INSTRUCTIONS TO FOLLOW:
The answer must be an exact copy of the lines from the one containing "The start of the Piñata" through the last line of the records, with the pictures left out.

STORED DATA:
○ ○ ○ ○
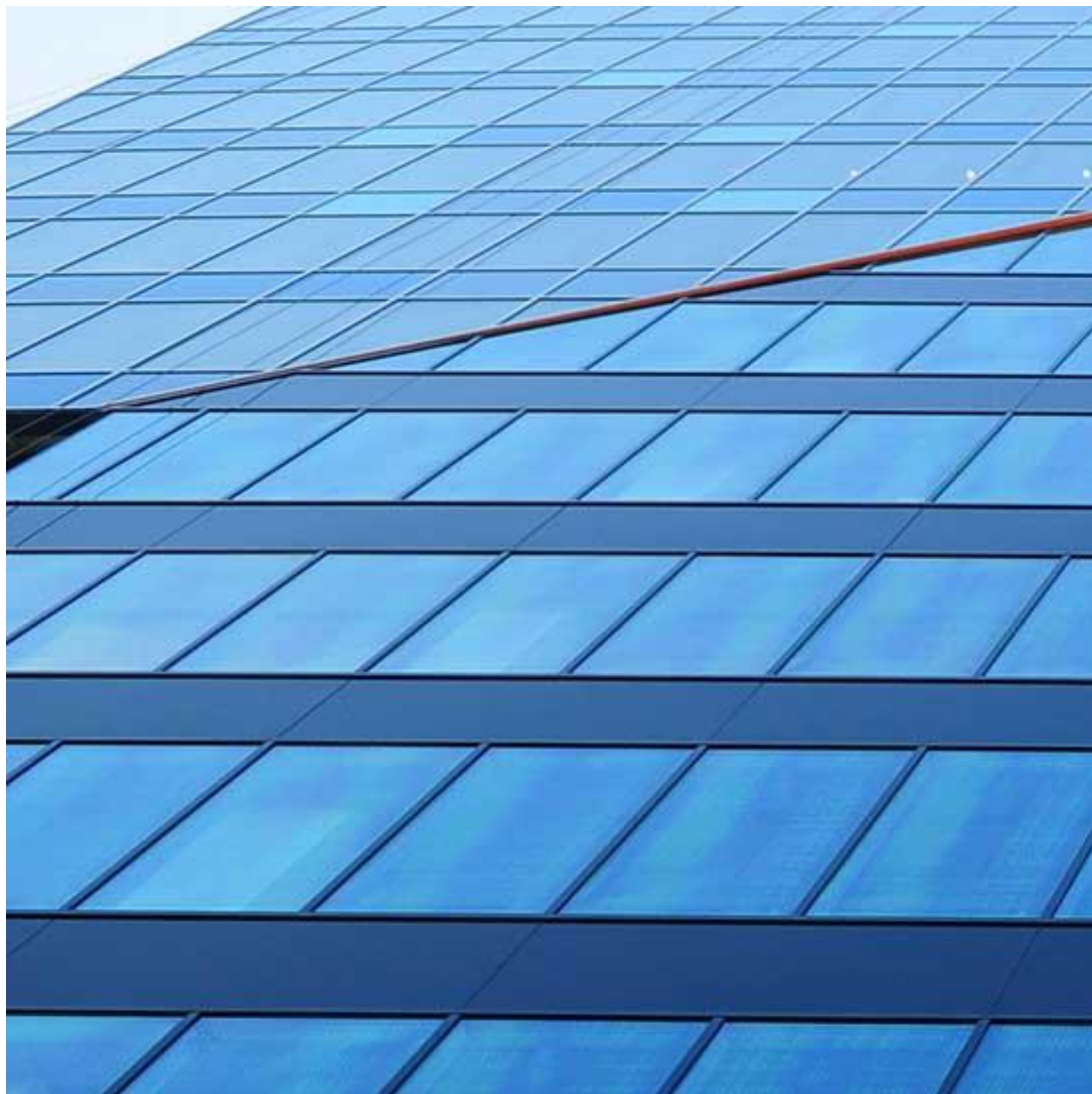
SGG COOL-LITE® SKN 154/154 II
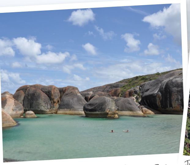
Greens Pool, William Bay National Park

Canoe, fish or snorkel at the inlet at Walpole-Nornalup National Park or simply take in the stunning scenery of pristine forest and tannin rich rivers. Take the time to meander along the 500m forest sculpture loop at Swarbrick.
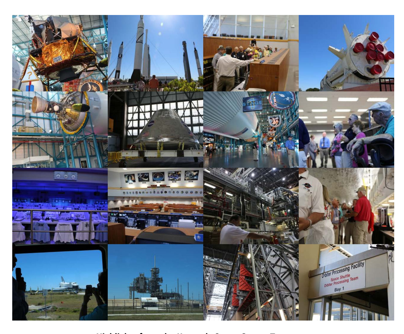
Highlights from the Kennedy Space Center Tour
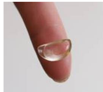
#3 Check position of pad placement - (Practice before adhesive is placed into cavity)
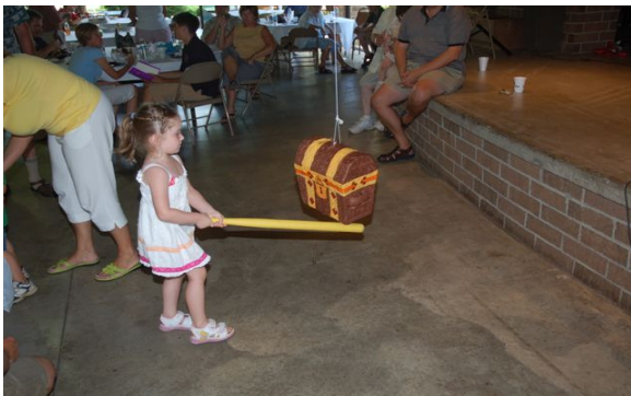
The start of the Piñata
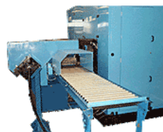
LM 150 - EXIT
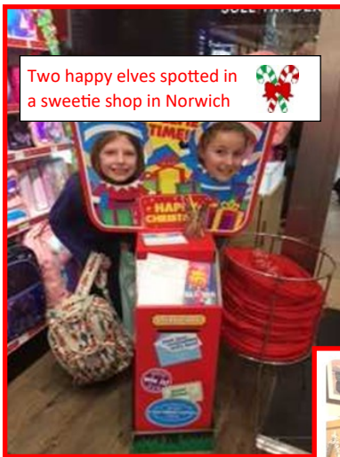
Two happy elves spotted in a sweetie shop in Norwich
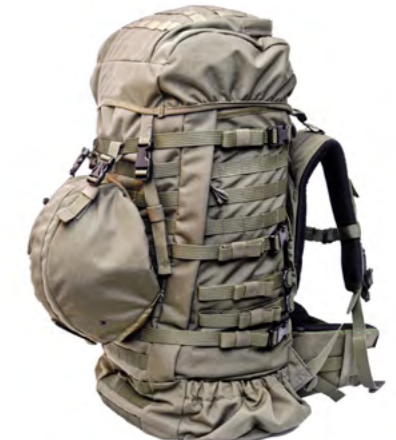
992 Backpack 90 L
○ ○ ○ ○
TASK SOLUTION:
The start of the Piñata
LM 150 - EXIT
Two happy elves spotted in a sweetie shop in Norwich
992 Backpack 90 L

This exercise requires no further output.